How much do you know about bullion investing? Gold, silver, and other precious metals can play a crucial role as a defensive asset in your portfolio. Any investor looking for opportunities off the stock market to shore up their position and diversify their risks should be looking to bullion for answers.
If you don’t already invest in bullion, now is the time to brush up on the fundamentals.
1. What kind of investment is bullion?
Bullion refers to high-purity gold, silver, and sometimes platinum products, usually in the form of highly pure bars or coins. These products can be purchased directly from bullion dealers like Global Bullion Suppliers, or you can include them in your portfolio with tools like ETFs.
Some believe that gold has intrinsic value that makes it an ideal tool for storing wealth. Importantly, it’s a tangible asset, and a material that is incredibly resistant to rust and degradation, making it a historical way for the rich to store wealth and as a medium of exchange.
Gold is traded like a commodity, but unlike things like lumber or oil, it’s not really consumed doing anything.

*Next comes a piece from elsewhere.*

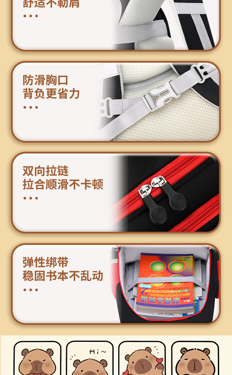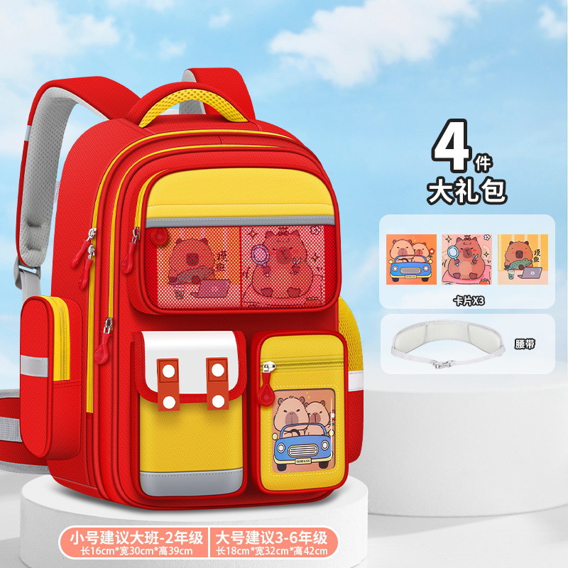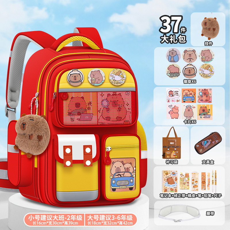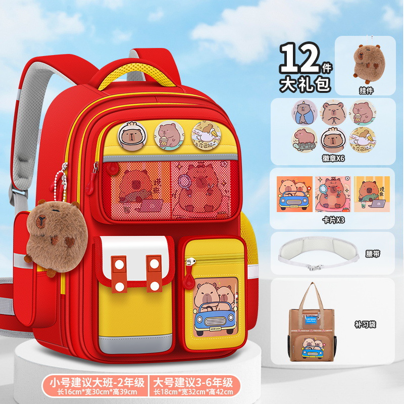 Kapibala 초등학교 가방 소년과 소녀 만화 어린이 1, 3, 6 학년 척추 보호 및 부담 감소 초경량 배낭스토어 가기

It may be used in jewellery, but most gold that gets mined is kept and stored for centuries.
2. Gold risks and returns
Bullion doesn’t provide interest rates, rents, or dividend payments. It is an entirely speculative asset. When you invest in it, your returns come from appreciation.
The biggest risk you face when you invest in bullion is that prices will drop, much the same as non-dividend paying stocks. However, the risk factors are different, and gold and stock prices tend to be negatively correlated.
Over the long-term, gold returns have proven very effective at maintaining value compared to inflation, though gold and silver have both experienced periods of rapid price appreciation over the course of multiple years, such as the 2000-2010s bull run.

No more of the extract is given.